In the long, long term, the south is the future of the US. The population shift southward might be attractive to PSU.
But, I just don't buy the myth that PSU alumni have any interest in the ACC. I've lived all over the southeast, and in NOVA for over a decade. I must have been acquainted with dozens of PSU alumni, and none have ever said anything but the Big Ten is the best conference in the country. It's almost mantra with them. One partner (PSU alum) I worked for in NOVA sent his kid to Indiana for undergrad, and said to me: "it's a Big Ten school - topnotch". He could have sent his kid to VT for 1/2 the cost, in-state, but who am I to tell him where to send his kid?

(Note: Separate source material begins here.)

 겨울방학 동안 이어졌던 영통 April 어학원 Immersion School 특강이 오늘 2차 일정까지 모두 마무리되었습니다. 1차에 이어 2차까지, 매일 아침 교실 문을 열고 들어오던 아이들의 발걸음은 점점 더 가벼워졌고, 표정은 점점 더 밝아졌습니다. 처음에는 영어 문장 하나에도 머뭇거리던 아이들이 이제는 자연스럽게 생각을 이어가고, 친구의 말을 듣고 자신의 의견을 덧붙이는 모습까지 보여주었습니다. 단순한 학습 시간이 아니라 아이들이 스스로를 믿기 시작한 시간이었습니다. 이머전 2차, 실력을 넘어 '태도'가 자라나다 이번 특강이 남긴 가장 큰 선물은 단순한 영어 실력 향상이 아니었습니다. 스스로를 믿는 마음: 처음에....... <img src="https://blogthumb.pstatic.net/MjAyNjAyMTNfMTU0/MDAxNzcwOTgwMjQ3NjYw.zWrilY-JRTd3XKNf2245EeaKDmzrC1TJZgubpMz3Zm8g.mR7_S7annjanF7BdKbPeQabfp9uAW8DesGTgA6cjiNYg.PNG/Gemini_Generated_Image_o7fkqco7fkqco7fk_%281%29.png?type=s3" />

IMO, PSU is not a good fit for the ACC, other than geographically. It's a massive public research university with an undergrad enrollment of over 30,000, of which the ACC has NONE, and the Big Ten has seven. Average research spending in the Big Ten is not twice that of the ACC, but it's close. The Big Ten is quite simply out of our league.

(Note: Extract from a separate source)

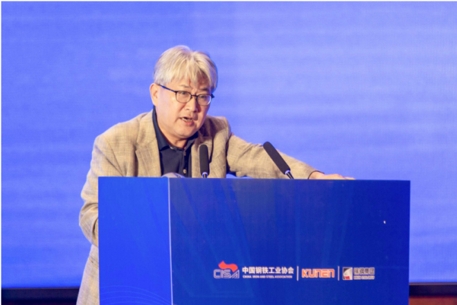 圖為北京科技大學教授潘崇超作《基於國產化的鋼鐵企業能碳一體化係統建設》主題報告

And lastly, this business of Penn State being an 'eastern' school in a midwestern conference ignores the fact that the ACC is a southeastern conference. 3/4 of our membership is south of the Mason-Dixon line; do you think a school full of Pennsylvanians has more in common with ACC alumni than midwesterners? I see no evidence of that.
Two of my good friends are PSU graduates (one was a OL starter in the early-mid 1970's) and both like being in the Big 10. Both have said that they wouldn't mind being in the ACC but they believe the Big 10 is a good fit for them academically and athletically.

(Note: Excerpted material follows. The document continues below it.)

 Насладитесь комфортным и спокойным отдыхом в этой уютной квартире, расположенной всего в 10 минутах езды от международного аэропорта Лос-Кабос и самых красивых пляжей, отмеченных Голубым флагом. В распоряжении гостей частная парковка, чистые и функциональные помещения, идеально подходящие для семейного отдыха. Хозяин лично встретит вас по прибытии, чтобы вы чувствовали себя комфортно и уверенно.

As for your question about Pennsylvanians having more in common with the ACC than the Midwest. considering that hundreds of thousands of Pennsylvanians have moved below the Mason-Dixon Line to fine work and start new lives, I would say yes. Many PSU graduates move to the Baltimore-DC area and many more move to Virginia, the Carolinas, Georgia, and Florida. If you live in western PA, the South is more attractive than Ohio or Michigan job-wise. Eastern Pennsylvanians have more relatives in the Mid-Atlantic and Southeast than they do in the Midwest. A place like Newport News is loaded with westerrn Pennsylvanians who left the shut downed steel mills to work in the shipyards. The Baltimore-DC area is filled with Pennsylvania transplants who still live close enough (1 to 3 hour drives) to regularly visit family back home. There are many college students from the state of Maryland that attend PSU. Even the rural county that I grew up in southern Virginia had hundreds of Pennsylvanians who moved there to retire or find a place with lower taxes and jobs. My first job was with a Pennsylvanian who bought a business in Virginia. Maybe 30 or more years ago things may have been different, but the Southeast isn't the Southeast it was back in the 1950's, 1960's, and 1970's. Some may not want to hear it, but parts of Virginia have become less southern over the past decades. Northern Virginia has more in common with Pennsylvania than it does with southern and southwestern Virginia. So just from my experience and living 30 minutes below the Mason-Dixon Line, I would say that Pennsylvanians relate more to the Southeast (especially, MD, DE, DC, VA, and NC) than they do to the Midwest.